Building duckdb from source requires a g++ compiler, make, cmake, git, and openssl.
sudo apt-get install gcc g++ make cmake git libssl-dev
git clone -b v0.9.1 https://github.com/duckdb/duckdb.git
cd duckdb
mkdir bu
cd bu
cmake -DCMAKE_BUILD_TYPE=Release \
-DBUILD_TESTING=OFF \
-DBUILD_UNITTESTS=OFF \
-DBUILD_EXTENSIONS='parquet;httpfs' \
-DEXTENSION_STATIC_BUILD=ON \
..
make -j
sudo make install
git clone https://github.com/lanl-ocs/ocs-duckdb-runner.git
cd ocs-duckdb-runner
mkdir bu
cd bu
cmake -DCMAKE_BUILD_TYPE=Release ..
make -j
The idea is that the runner will read input parquet file object addresses from stdin (one address per line) and launch a duckdb instance per parquet file using a thread pool. Detailed usage information below. We can configure s3 endpoint and the number of threads in the thread pool. Default thread count is 4.
$./duckdb-runner -h
==============
usage: ./duckdb-runner [options]
-i id : s3 access key id
-k key : s3 secret access key
-a address : s3 web address
-p port : s3 port
-j threads : num query thread
==============
A test run where we have a minio instance running at 127.0.0.1:9000, a precreated bucket ocs
, and a preinserted, publicly accessilble parquet file object xx_036785.parquet
. See https://github.com/lanl-ocs/laghos-sample-dataset for data scheme and query information.
$./duckdb-runner -a 127.0.0.1 -p 9000 -j 4 <<EOF
's3://ocs/xx_036785.parquet'
EOF
Chunk - [5 Columns]
- FLAT INTEGER: 8 = [ 166462, 240662, 219780, 240660, 159440, 233498, 212414, 212409]

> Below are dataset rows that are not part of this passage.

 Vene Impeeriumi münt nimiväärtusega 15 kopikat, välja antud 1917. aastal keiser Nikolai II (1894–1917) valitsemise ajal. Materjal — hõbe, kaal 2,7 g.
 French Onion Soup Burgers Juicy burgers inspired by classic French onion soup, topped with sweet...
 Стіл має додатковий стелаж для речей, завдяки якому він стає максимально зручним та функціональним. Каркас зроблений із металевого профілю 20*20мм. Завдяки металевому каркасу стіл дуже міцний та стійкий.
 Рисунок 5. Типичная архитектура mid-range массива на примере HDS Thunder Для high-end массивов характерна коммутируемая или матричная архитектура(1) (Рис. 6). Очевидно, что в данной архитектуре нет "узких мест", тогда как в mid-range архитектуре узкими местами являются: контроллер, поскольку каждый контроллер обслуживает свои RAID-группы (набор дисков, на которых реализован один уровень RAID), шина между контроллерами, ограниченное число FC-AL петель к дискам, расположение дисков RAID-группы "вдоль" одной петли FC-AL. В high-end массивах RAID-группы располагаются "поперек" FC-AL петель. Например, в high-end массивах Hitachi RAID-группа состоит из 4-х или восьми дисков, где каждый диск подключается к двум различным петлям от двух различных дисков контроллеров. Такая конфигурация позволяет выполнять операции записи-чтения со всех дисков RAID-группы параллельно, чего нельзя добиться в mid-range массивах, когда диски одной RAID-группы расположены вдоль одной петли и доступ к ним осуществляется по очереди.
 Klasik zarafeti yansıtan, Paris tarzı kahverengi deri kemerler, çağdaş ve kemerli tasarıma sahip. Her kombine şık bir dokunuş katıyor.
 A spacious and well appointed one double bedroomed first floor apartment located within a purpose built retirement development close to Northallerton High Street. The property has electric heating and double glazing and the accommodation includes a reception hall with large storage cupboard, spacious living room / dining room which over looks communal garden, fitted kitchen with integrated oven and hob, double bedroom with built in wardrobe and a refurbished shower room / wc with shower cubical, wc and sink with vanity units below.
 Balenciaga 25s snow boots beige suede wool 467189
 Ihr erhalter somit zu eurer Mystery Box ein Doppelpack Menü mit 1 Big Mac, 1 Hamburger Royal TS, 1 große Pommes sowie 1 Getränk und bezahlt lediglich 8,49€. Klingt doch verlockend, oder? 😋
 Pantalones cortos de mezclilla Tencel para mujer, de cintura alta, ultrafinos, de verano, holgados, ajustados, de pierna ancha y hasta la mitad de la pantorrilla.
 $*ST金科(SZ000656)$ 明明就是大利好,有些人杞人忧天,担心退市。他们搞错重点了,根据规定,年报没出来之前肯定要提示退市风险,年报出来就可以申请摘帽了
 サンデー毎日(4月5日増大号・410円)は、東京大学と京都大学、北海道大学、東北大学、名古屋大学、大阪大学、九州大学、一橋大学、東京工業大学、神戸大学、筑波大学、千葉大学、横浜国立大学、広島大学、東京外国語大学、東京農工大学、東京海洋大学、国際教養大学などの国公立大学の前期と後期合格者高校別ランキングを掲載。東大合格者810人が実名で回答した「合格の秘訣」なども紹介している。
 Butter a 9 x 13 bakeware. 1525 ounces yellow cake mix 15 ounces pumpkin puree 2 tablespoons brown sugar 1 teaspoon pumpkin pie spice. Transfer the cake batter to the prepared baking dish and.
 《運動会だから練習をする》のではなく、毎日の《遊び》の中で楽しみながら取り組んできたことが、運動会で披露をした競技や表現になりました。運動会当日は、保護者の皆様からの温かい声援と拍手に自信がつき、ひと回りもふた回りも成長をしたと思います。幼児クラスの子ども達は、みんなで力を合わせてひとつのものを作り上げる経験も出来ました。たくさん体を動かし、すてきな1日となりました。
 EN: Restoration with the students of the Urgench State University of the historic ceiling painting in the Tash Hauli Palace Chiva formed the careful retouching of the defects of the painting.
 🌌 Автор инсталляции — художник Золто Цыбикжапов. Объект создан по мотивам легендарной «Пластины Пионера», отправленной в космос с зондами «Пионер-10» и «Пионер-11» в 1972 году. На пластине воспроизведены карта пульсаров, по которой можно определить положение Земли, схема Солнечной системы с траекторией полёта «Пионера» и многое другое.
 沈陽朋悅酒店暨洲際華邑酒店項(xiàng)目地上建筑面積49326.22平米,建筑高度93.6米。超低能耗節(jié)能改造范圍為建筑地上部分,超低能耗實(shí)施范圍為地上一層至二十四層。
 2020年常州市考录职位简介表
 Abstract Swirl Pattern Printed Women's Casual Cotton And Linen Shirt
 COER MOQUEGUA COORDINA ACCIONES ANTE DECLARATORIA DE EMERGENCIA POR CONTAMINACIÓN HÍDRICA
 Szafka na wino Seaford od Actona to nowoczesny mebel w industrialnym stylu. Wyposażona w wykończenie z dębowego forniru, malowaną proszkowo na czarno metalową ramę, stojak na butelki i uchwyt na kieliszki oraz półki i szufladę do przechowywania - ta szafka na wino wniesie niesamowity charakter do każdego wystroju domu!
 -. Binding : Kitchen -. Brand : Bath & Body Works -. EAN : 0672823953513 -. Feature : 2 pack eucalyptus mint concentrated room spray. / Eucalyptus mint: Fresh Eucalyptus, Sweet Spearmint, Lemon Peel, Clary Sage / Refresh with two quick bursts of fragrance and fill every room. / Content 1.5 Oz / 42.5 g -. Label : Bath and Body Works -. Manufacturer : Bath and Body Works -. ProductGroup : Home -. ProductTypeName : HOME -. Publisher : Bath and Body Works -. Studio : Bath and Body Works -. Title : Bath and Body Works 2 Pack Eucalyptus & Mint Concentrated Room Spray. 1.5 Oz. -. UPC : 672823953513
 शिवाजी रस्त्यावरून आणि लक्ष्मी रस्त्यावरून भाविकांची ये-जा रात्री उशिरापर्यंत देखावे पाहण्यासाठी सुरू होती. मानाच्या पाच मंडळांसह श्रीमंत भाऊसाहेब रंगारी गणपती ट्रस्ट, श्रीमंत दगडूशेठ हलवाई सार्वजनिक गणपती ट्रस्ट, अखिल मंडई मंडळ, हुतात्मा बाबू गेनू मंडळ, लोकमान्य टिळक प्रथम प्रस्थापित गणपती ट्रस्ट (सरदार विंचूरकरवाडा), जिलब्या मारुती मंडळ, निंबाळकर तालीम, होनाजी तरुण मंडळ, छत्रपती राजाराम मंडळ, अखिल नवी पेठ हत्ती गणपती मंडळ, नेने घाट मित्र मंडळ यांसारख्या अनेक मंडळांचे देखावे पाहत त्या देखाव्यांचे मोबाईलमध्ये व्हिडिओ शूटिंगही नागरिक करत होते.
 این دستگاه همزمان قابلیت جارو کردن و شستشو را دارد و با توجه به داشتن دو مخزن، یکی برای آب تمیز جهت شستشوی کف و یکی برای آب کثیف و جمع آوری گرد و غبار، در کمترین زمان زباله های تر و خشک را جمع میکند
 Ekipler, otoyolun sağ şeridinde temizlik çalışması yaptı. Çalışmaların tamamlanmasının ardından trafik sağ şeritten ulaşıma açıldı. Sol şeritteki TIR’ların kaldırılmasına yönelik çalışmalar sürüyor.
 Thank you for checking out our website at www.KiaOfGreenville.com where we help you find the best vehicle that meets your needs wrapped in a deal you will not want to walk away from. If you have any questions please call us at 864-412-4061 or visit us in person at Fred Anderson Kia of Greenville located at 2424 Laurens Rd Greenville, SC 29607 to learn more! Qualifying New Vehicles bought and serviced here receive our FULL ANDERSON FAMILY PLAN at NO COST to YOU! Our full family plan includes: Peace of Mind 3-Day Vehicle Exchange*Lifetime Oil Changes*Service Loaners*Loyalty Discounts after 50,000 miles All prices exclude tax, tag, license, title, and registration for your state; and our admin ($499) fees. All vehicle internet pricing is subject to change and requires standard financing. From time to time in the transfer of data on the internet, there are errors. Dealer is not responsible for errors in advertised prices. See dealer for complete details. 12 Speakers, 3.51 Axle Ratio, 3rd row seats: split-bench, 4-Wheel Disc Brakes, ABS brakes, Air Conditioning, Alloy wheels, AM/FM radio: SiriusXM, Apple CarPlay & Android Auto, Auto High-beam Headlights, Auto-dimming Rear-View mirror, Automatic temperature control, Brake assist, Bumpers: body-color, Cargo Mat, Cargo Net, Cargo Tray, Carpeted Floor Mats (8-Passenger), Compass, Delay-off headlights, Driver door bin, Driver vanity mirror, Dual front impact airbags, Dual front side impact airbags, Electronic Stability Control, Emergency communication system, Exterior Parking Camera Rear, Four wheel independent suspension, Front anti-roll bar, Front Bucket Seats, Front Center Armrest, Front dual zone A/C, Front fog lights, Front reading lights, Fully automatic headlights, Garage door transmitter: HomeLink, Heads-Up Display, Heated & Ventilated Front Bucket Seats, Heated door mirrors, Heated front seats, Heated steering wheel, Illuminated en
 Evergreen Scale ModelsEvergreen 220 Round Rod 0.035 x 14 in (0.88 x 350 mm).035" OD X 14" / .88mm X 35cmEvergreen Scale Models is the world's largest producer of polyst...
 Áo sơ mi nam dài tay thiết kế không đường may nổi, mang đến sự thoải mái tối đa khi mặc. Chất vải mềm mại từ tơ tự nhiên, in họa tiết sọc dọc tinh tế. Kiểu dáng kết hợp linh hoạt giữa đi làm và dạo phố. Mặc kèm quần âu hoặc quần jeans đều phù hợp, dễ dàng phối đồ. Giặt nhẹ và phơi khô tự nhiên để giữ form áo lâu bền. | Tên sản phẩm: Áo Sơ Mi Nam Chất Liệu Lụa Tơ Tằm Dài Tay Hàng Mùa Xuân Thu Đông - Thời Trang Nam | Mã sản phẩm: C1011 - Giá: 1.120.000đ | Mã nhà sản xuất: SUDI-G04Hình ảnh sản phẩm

- FLAT DOUBLE: 8 = [ 1.5645773, 1.5611519000000003, 1.5264729999999997, 1.503907, 1.5057572, 1.5047735, 1.5057572, 1.5047735]
- FLAT DOUBLE: 8 = [ 1.5376104999999998, 1.5749507000000003, 1.5887712, 1.5975798999999997, 1.5352168, 1.5526603, 1.5352168, 1.5526603]
- FLAT DOUBLE: 8 = [ 1.5803627999999998, 1.5417632999999997, 1.5934969, 1.5078072999999999, 1.556996, 1.5391836, 1.556996, 1.5391836]
- FLAT DOUBLE: 8 = [ 1.4755714125000001, 1.4774999125, 1.4871300875, 1.4890849375, 1.49520745, 1.49543775, 1.495636475, 1.4960388500000001]
Number data sources (parquet files): 1
Threads: 4
Total Query time: 0.33 s
Total hits: 8
Total duckdb read ops: 5
Total duckdb read bytes: 46383122
Done
Use ./duckdb-runner 1>/dev/null
to discard query results. Use ./duckdb-runner -i xx -k yy
to specify s3 access key id and secret access key when authentication is needed for access.
It is currently assumed that the s3 http server uses http not https. In future, this can be made configurable. DuckDB will try to cache the metadata information of each s3 object to reduce the number of HEAD requests it must issue. This cache can be disabled. It is currently not disabled because each our query will target a different parquet object anyway, making this cache effectively useless.